(WHAT TO WORK ON):
Drop the images. Copy every line below character for character.

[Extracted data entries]

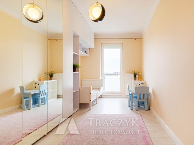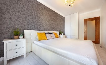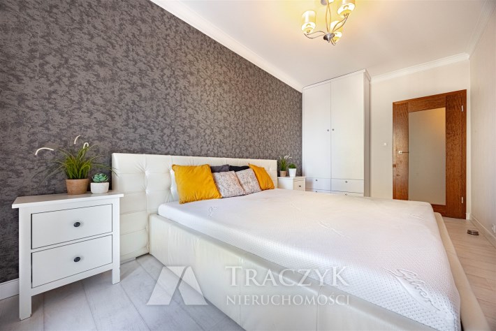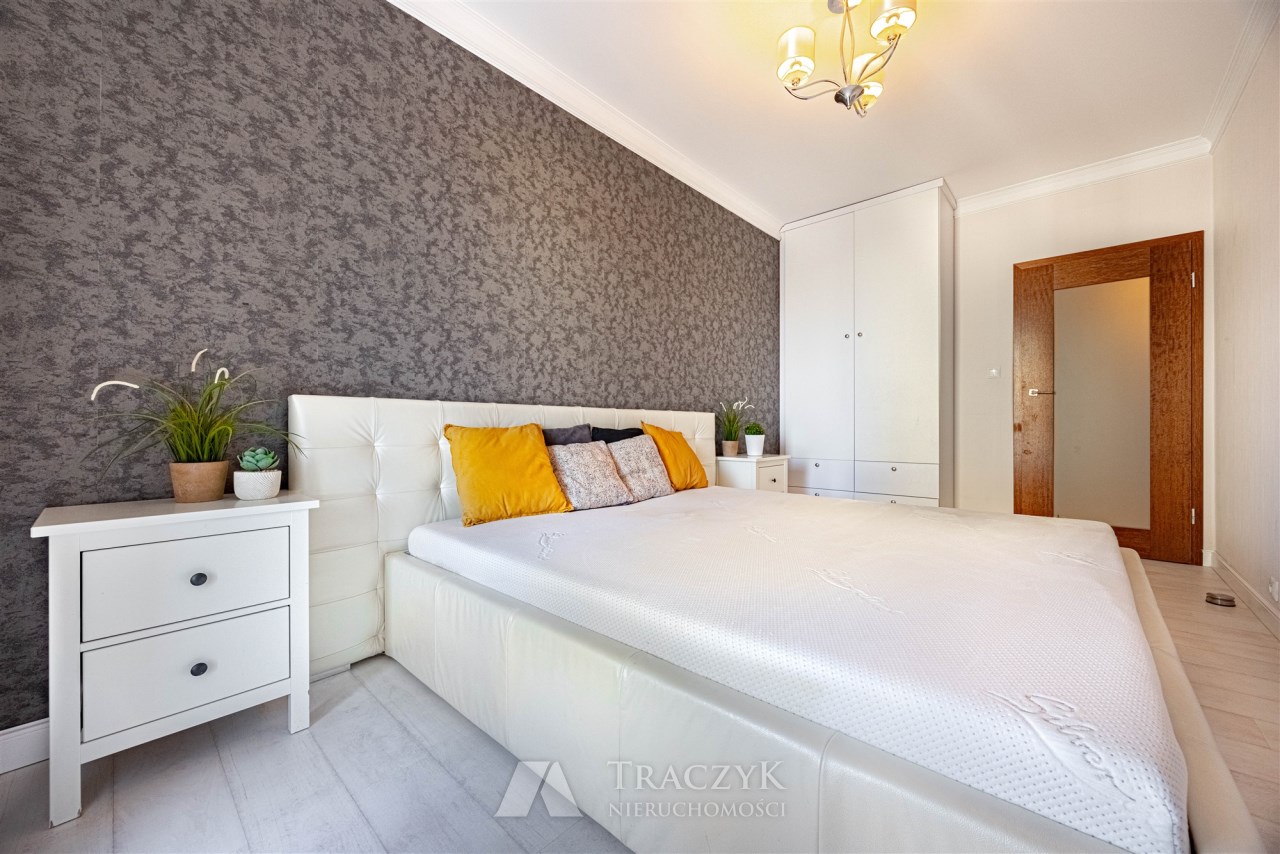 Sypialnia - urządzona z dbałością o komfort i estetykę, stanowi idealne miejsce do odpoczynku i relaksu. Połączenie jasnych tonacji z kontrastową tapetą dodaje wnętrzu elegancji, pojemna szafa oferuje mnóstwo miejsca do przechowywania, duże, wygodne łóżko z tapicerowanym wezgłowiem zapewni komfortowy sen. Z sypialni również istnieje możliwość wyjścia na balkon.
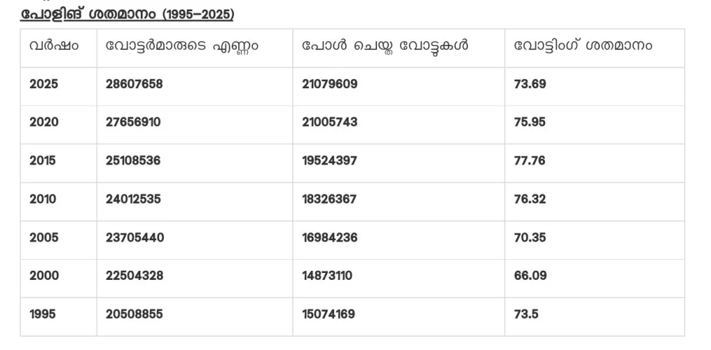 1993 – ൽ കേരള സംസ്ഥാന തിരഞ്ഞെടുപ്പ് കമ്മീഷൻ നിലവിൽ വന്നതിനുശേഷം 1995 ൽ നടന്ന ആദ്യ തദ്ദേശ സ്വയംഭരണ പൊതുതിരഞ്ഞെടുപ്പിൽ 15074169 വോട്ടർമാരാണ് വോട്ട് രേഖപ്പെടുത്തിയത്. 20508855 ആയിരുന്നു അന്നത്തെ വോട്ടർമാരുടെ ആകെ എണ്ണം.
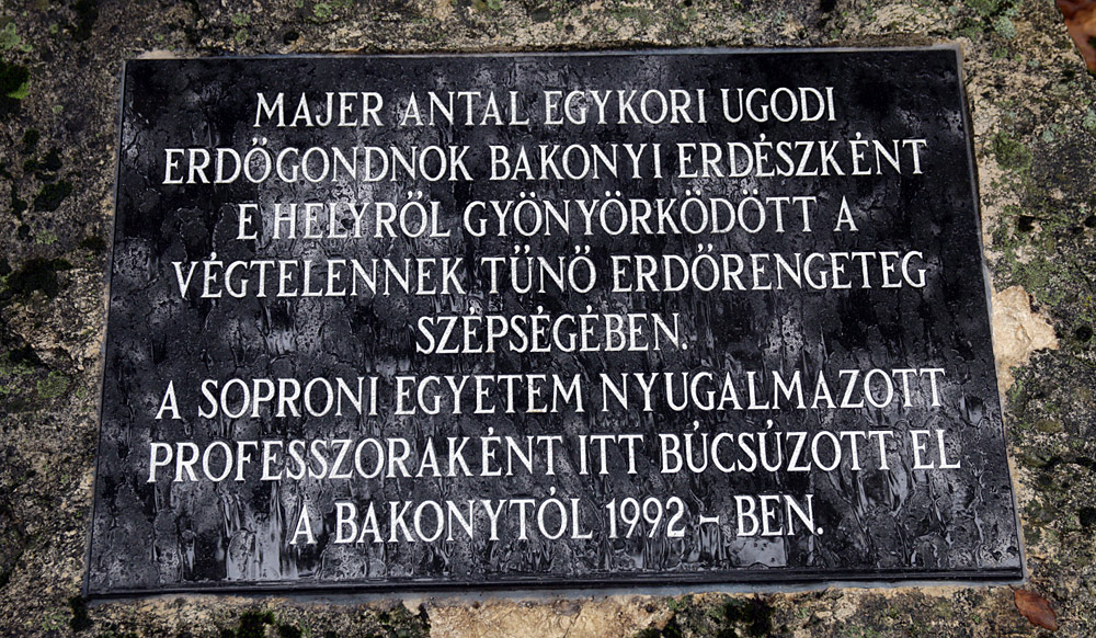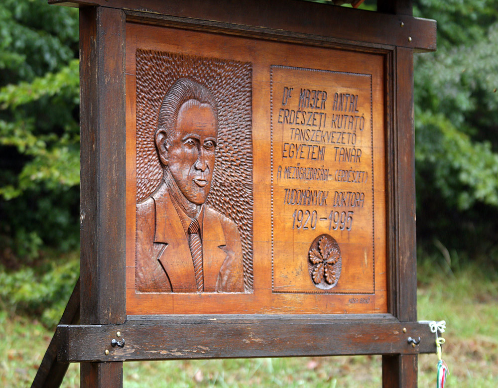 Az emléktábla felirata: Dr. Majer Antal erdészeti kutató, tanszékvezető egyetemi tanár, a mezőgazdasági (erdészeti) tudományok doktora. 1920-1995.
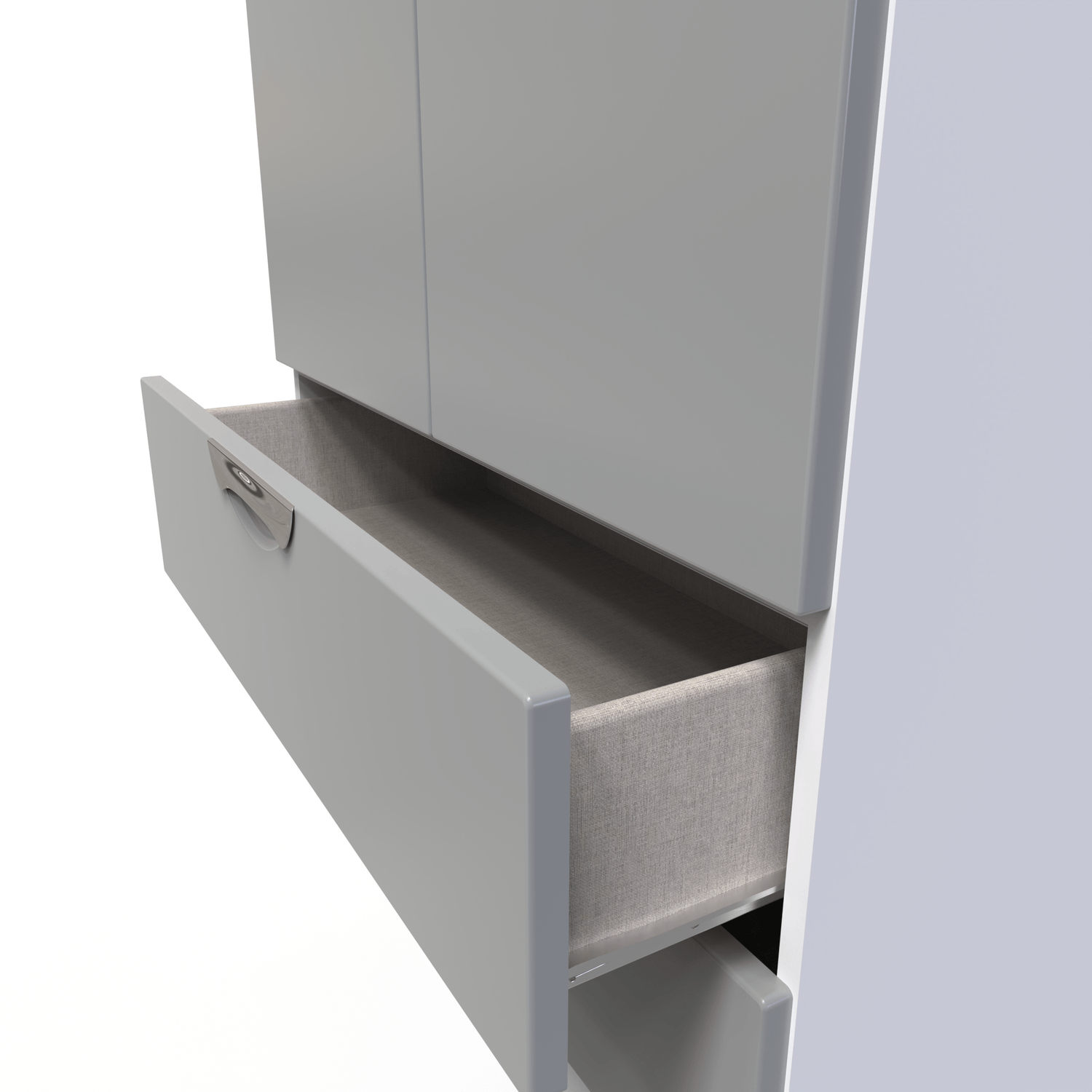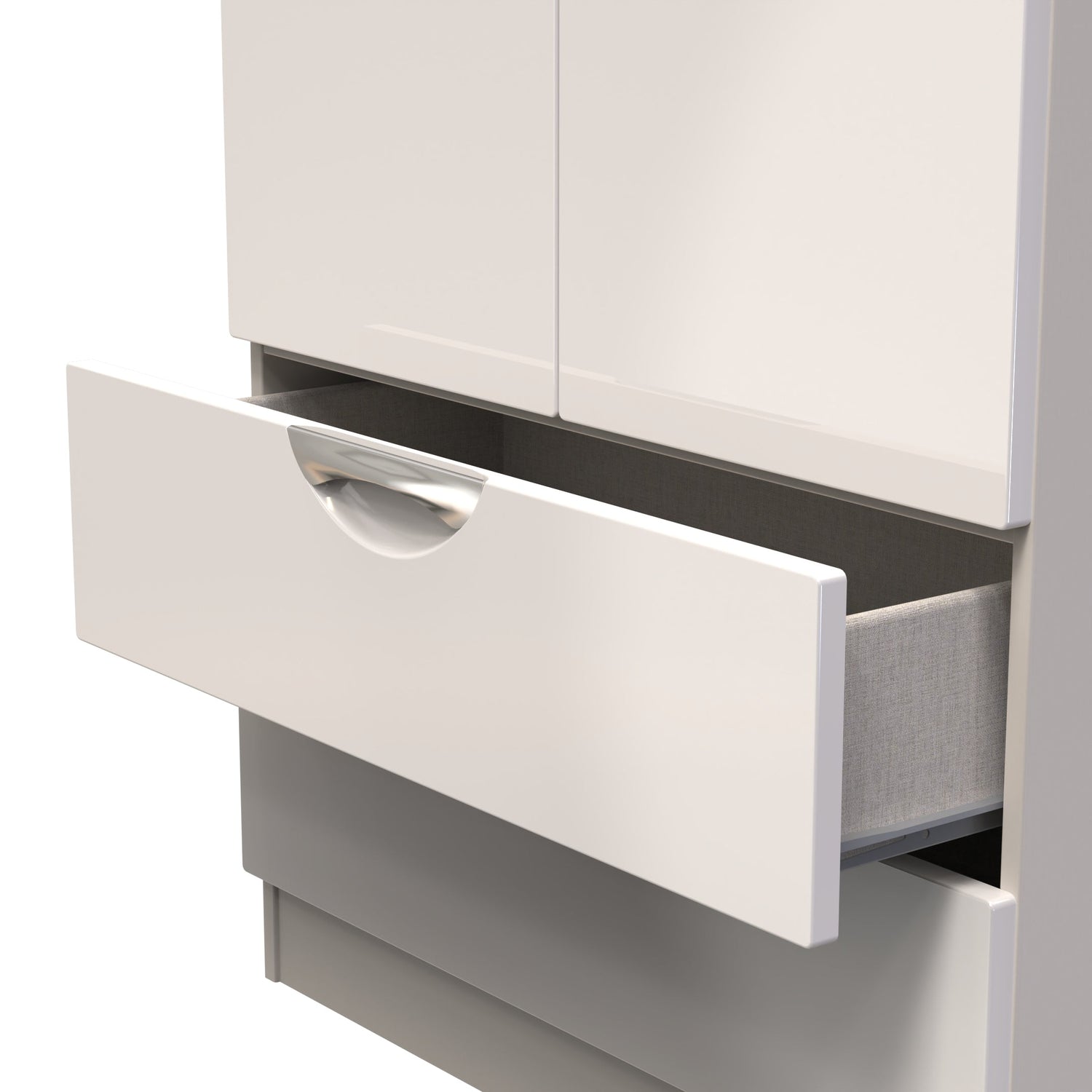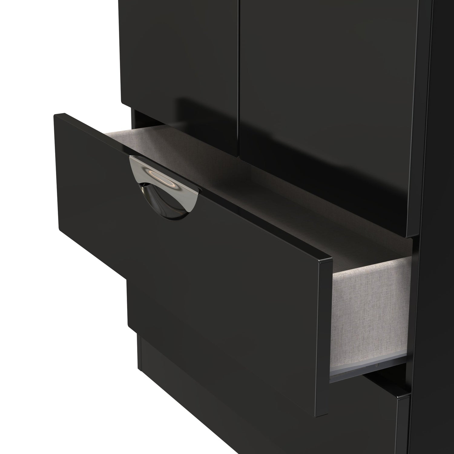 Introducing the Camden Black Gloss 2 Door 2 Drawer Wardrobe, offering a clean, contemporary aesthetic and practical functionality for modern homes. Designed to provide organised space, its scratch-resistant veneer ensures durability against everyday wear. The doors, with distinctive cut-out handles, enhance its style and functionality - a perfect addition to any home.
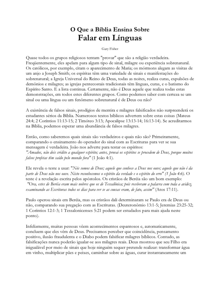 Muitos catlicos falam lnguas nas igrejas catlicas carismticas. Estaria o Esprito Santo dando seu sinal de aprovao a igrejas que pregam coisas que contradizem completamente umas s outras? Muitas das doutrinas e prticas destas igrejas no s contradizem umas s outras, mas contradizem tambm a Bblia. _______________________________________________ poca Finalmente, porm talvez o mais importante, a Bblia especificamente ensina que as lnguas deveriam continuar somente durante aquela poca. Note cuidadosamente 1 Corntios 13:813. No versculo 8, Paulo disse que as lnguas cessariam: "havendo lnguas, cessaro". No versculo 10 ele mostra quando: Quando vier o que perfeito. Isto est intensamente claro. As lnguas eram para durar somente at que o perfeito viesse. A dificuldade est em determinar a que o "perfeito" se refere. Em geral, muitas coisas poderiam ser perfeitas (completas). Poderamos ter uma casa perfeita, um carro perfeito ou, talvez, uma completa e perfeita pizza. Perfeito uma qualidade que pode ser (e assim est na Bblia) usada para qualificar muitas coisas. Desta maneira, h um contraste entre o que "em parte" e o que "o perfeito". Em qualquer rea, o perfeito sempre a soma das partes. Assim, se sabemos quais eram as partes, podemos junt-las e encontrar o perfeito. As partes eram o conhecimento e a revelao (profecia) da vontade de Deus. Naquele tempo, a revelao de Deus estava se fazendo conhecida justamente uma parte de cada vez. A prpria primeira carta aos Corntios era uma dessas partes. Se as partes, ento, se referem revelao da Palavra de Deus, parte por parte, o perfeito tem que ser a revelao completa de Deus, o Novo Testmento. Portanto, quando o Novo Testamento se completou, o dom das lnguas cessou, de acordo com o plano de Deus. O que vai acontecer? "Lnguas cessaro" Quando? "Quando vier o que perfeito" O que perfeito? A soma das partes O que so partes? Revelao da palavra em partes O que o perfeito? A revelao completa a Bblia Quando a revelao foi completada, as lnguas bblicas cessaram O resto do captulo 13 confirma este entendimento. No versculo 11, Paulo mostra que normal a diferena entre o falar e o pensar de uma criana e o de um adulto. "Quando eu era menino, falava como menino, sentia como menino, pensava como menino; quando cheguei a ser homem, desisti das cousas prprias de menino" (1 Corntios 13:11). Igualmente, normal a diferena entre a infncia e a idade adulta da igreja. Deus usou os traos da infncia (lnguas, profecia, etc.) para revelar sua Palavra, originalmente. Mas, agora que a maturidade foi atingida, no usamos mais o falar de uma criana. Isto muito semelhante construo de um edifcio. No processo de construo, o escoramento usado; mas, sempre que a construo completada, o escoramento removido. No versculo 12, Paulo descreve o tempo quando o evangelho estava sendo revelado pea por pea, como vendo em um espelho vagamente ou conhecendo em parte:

(YOUR SOLUTION):
 Sypialnia - urządzona z dbałością o komfort i estetykę, stanowi idealne miejsce do odpoczynku i relaksu. Połączenie jasnych tonacji z kontrastową tapetą dodaje wnętrzu elegancji, pojemna szafa oferuje mnóstwo miejsca do przechowywania, duże, wygodne łóżko z tapicerowanym wezgłowiem zapewni komfortowy sen. Z sypialni również istnieje możliwość wyjścia na balkon.
 1993 – ൽ കേരള സംസ്ഥാന തിരഞ്ഞെടുപ്പ് കമ്മീഷൻ നിലവിൽ വന്നതിനുശേഷം 1995 ൽ നടന്ന ആദ്യ തദ്ദേശ സ്വയംഭരണ പൊതുതിരഞ്ഞെടുപ്പിൽ 15074169 വോട്ടർമാരാണ് വോട്ട് രേഖപ്പെടുത്തിയത്. 20508855 ആയിരുന്നു അന്നത്തെ വോട്ടർമാരുടെ ആകെ എണ്ണം.
 Az emléktábla felirata: Dr. Majer Antal erdészeti kutató, tanszékvezető egyetemi tanár, a mezőgazdasági (erdészeti) tudományok doktora. 1920-1995.
 Introducing the Camden Black Gloss 2 Door 2 Drawer Wardrobe, offering a clean, contemporary aesthetic and practical functionality for modern homes. Designed to provide organised space, its scratch-resistant veneer ensures durability against everyday wear. The doors, with distinctive cut-out handles, enhance its style and functionality - a perfect addition to any home.
 Muitos catlicos falam lnguas nas igrejas catlicas carismticas. Estaria o Esprito Santo dando seu sinal de aprovao a igrejas que pregam coisas que contradizem completamente umas s outras? Muitas das doutrinas e prticas destas igrejas no s contradizem umas s outras, mas contradizem tambm a Bblia. _______________________________________________ poca Finalmente, porm talvez o mais importante, a Bblia especificamente ensina que as lnguas deveriam continuar somente durante aquela poca. Note cuidadosamente 1 Corntios 13:813. No versculo 8, Paulo disse que as lnguas cessariam: "havendo lnguas, cessaro". No versculo 10 ele mostra quando: Quando vier o que perfeito. Isto est intensamente claro. As lnguas eram para durar somente at que o perfeito viesse. A dificuldade est em determinar a que o "perfeito" se refere. Em geral, muitas coisas poderiam ser perfeitas (completas). Poderamos ter uma casa perfeita, um carro perfeito ou, talvez, uma completa e perfeita pizza. Perfeito uma qualidade que pode ser (e assim est na Bblia) usada para qualificar muitas coisas. Desta maneira, h um contraste entre o que "em parte" e o que "o perfeito". Em qualquer rea, o perfeito sempre a soma das partes. Assim, se sabemos quais eram as partes, podemos junt-las e encontrar o perfeito. As partes eram o conhecimento e a revelao (profecia) da vontade de Deus. Naquele tempo, a revelao de Deus estava se fazendo conhecida justamente uma parte de cada vez. A prpria primeira carta aos Corntios era uma dessas partes. Se as partes, ento, se referem revelao da Palavra de Deus, parte por parte, o perfeito tem que ser a revelao completa de Deus, o Novo Testmento. Portanto, quando o Novo Testamento se completou, o dom das lnguas cessou, de acordo com o plano de Deus. O que vai acontecer? "Lnguas cessaro" Quando? "Quando vier o que perfeito" O que perfeito? A soma das partes O que so partes? Revelao da palavra em partes O que o perfeito? A revelao completa a Bblia Quando a revelao foi completada, as lnguas bblicas cessaram O resto do captulo 13 confirma este entendimento. No versculo 11, Paulo mostra que normal a diferena entre o falar e o pensar de uma criana e o de um adulto. "Quando eu era menino, falava como menino, sentia como menino, pensava como menino; quando cheguei a ser homem, desisti das cousas prprias de menino" (1 Corntios 13:11). Igualmente, normal a diferena entre a infncia e a idade adulta da igreja. Deus usou os traos da infncia (lnguas, profecia, etc.) para revelar sua Palavra, originalmente. Mas, agora que a maturidade foi atingida, no usamos mais o falar de uma criana. Isto muito semelhante construo de um edifcio. No processo de construo, o escoramento usado; mas, sempre que a construo completada, o escoramento removido. No versculo 12, Paulo descreve o tempo quando o evangelho estava sendo revelado pea por pea, como vendo em um espelho vagamente ou conhecendo em parte:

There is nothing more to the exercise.